Stored data:
+-------+
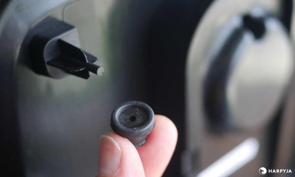 Para prender e desprender a grade, há 4 presilhas nas laterais da grade. Um ponto positivo é que são largas e fáceis de utilizar. Algumas presilhas similares da Arno, por exemplo, são mais estreitas. A área maior realmente facilita no encaixe e desencaixe. A hélice fica bem centrada e não oscila quando girando.
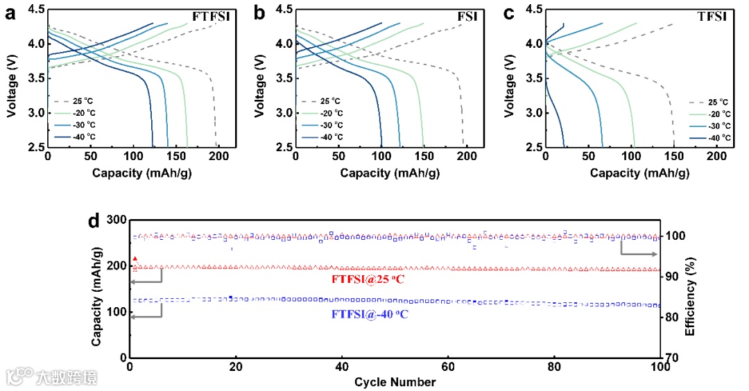 具体而言,1.5M LiFTFSI-BFPE电解液使锂沉积/剥离CE在零下30摄氏度的温度下高达98.7% ,并且使2.0 mAh/cm2 NMC811||Li(2倍过量)全电池在零下40摄氏度(甚至零下60摄氏度)的超低温环境中成功充放电。在100次循环后,该电池提供了高达115 mAh/g的可逆比容量,而且无明显的容量衰减。
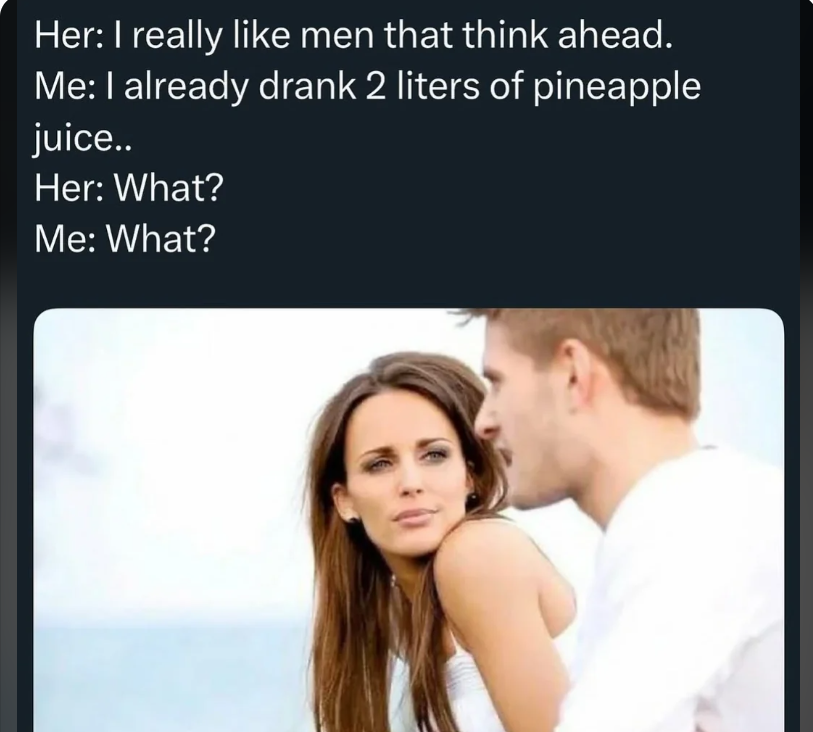 minus-squareSynapse@lemmy.worldlinkfedilinkarrow-up4·11 days agoIt’s believed that drinking pineapple juice will make a man’s sperm taste better.
+-------+
Exercise objective: Word for word, repeat only the lines from the line containing "具体而言,1.5M LiFTFSI-BFPE电解液使锂沉积/剥离CE在零下30摄氏度的温度下高达98.7% ,并且使2.0" through the end of the data, without any pictures.

Solution to the problem:
 具体而言,1.5M LiFTFSI-BFPE电解液使锂沉积/剥离CE在零下30摄氏度的温度下高达98.7% ,并且使2.0 mAh/cm2 NMC811||Li(2倍过量)全电池在零下40摄氏度(甚至零下60摄氏度)的超低温环境中成功充放电。在100次循环后,该电池提供了高达115 mAh/g的可逆比容量,而且无明显的容量衰减。
 minus-squareSynapse@lemmy.worldlinkfedilinkarrow-up4·11 days agoIt’s believed that drinking pineapple juice will make a man’s sperm taste better.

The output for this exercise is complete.